Work item: In the records below, reproduce exactly the lines from the one containing "(写真 下:2年3組 英語「定期考査に向けて」)" through the one containing "bergen // Series", both included, and omit the pictures.

Dataset extract:
--- START ---
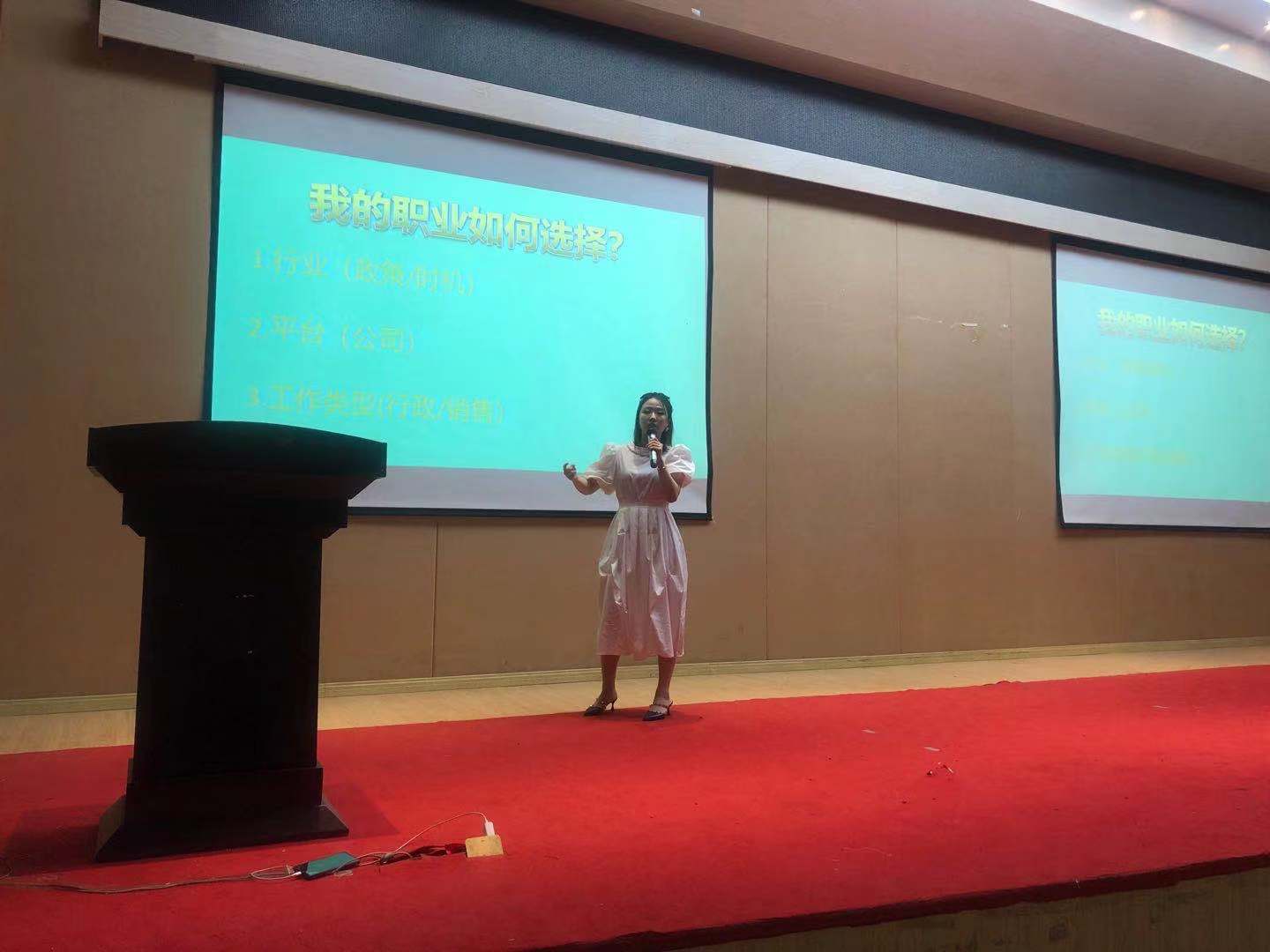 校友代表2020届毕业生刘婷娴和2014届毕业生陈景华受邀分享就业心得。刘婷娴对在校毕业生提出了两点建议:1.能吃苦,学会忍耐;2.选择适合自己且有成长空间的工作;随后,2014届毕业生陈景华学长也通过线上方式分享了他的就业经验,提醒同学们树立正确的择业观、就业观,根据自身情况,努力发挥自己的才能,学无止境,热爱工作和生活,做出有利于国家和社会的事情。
--- END ---
--- START ---
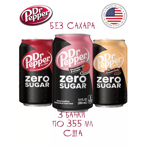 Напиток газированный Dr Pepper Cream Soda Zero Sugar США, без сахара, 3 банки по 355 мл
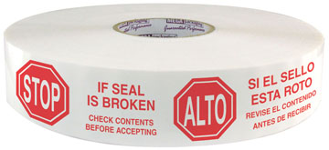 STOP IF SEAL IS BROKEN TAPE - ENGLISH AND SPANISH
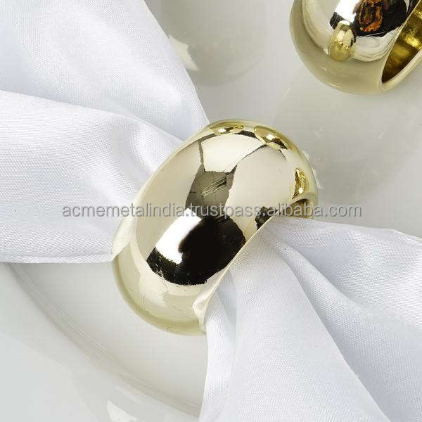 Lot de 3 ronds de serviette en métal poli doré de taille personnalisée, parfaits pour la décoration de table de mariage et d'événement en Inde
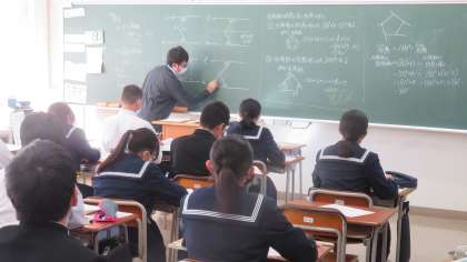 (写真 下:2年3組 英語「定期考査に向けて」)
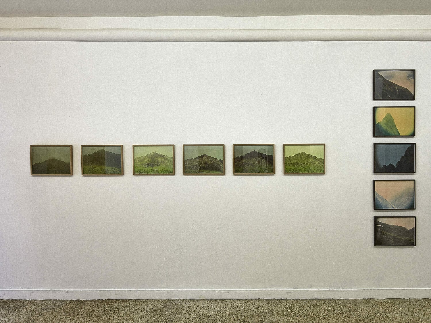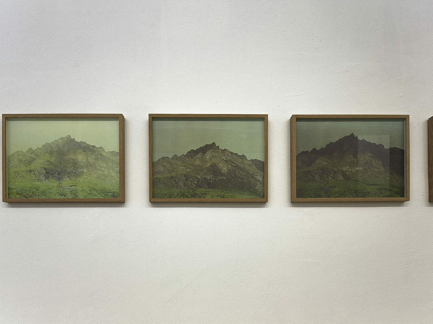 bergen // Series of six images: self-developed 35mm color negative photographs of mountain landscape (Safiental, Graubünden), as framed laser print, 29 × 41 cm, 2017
--- END ---
--- START ---
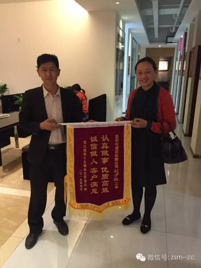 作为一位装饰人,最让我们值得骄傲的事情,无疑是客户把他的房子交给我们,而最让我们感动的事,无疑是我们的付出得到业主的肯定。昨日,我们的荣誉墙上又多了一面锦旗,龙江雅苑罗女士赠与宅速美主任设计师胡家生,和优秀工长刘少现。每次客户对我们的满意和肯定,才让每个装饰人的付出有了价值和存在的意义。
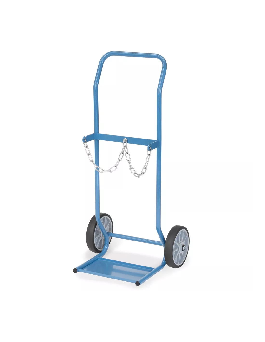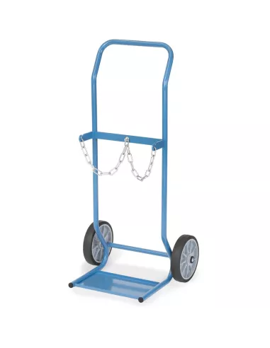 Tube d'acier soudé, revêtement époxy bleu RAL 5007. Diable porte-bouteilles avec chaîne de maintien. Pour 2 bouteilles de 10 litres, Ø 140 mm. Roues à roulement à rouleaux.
--- END ---
Solved exercise:
 (写真 下:2年3組 英語「定期考査に向けて」)
 bergen // Series of six images: self-developed 35mm color negative photographs of mountain landscape (Safiental, Graubünden), as framed laser print, 29 × 41 cm, 2017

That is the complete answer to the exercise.